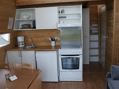 Die Küche hat eine angemessene Größe mit zugehörigem Herd und Kühlschrank mit Gefrierfach. Ansonsten alles, was man an Geschirr benötigt.
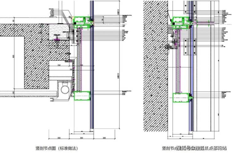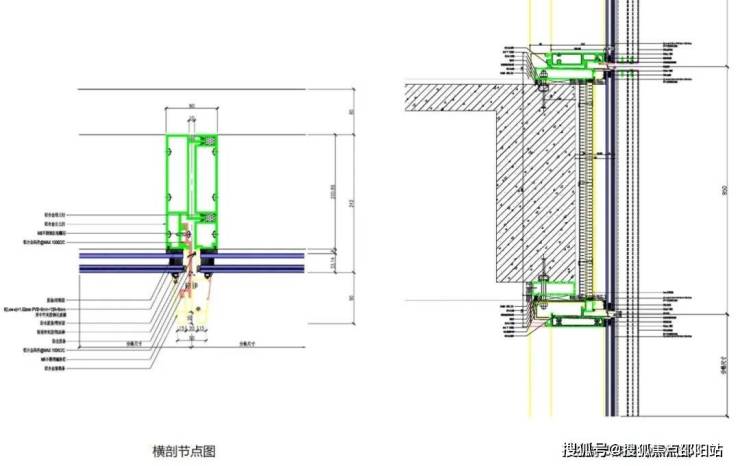 ▲ 酒店裙楼折线玻璃幕墙系统节点图
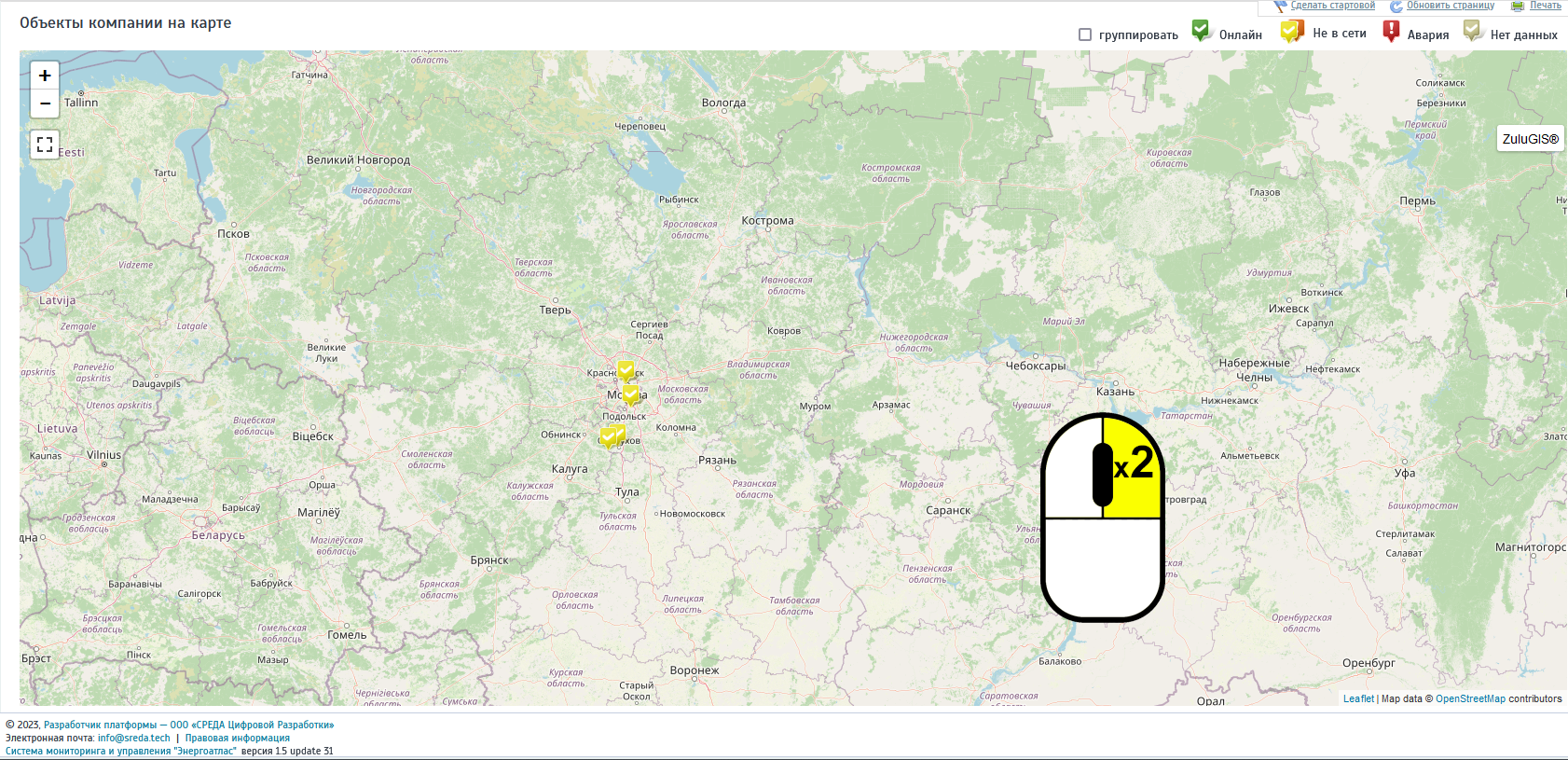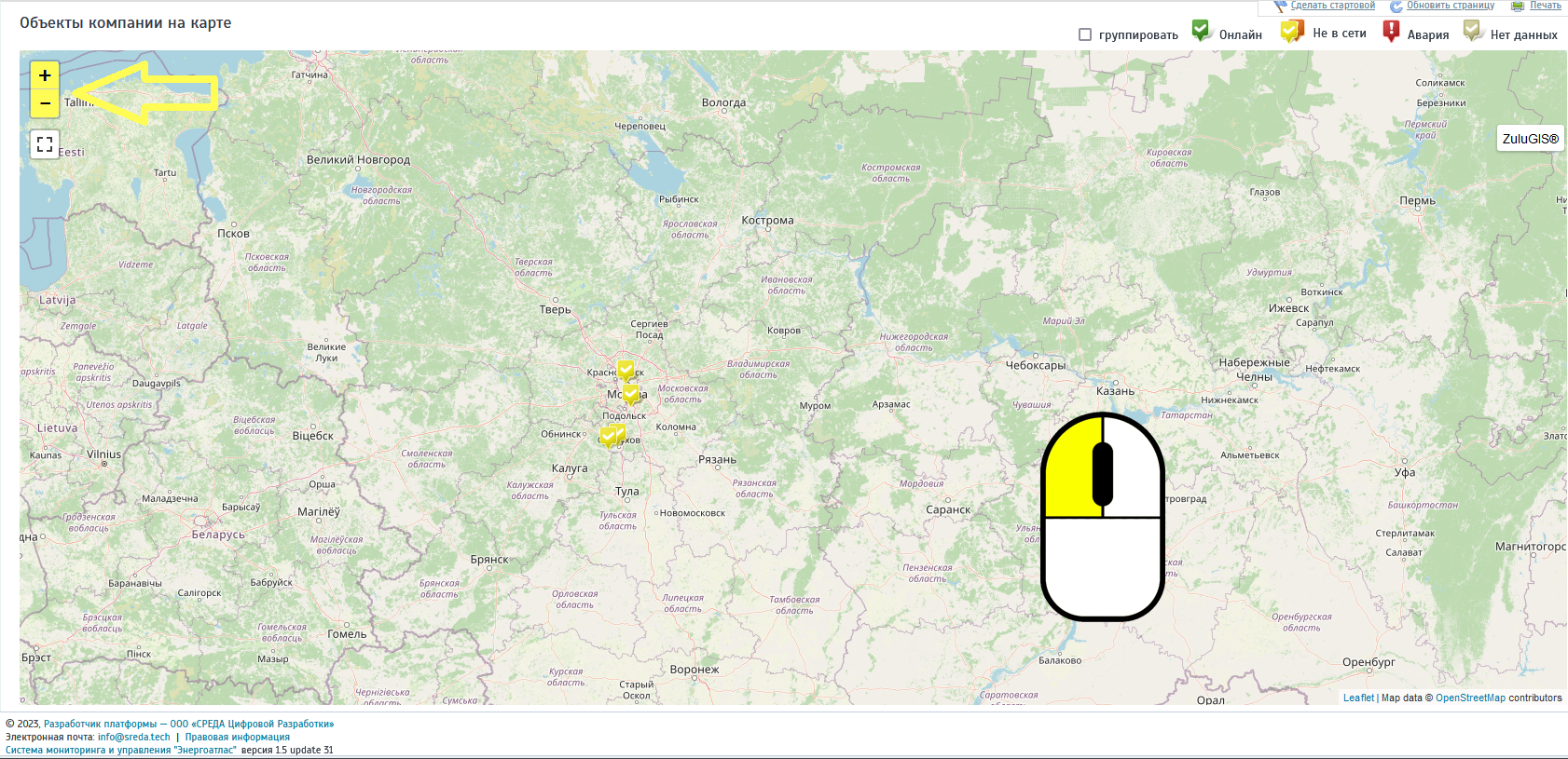 Управление масштабом карты производится с помощью мыши и отвечает общепринятым подходам при работе с географическими информационными системами.

(Exercise) Please repeat the listing above word for word, with the pictures removed.

(Solution for this problem)
 Die Küche hat eine angemessene Größe mit zugehörigem Herd und Kühlschrank mit Gefrierfach. Ansonsten alles, was man an Geschirr benötigt.
 ▲ 酒店裙楼折线玻璃幕墙系统节点图
 Управление масштабом карты производится с помощью мыши и отвечает общепринятым подходам при работе с географическими информационными системами.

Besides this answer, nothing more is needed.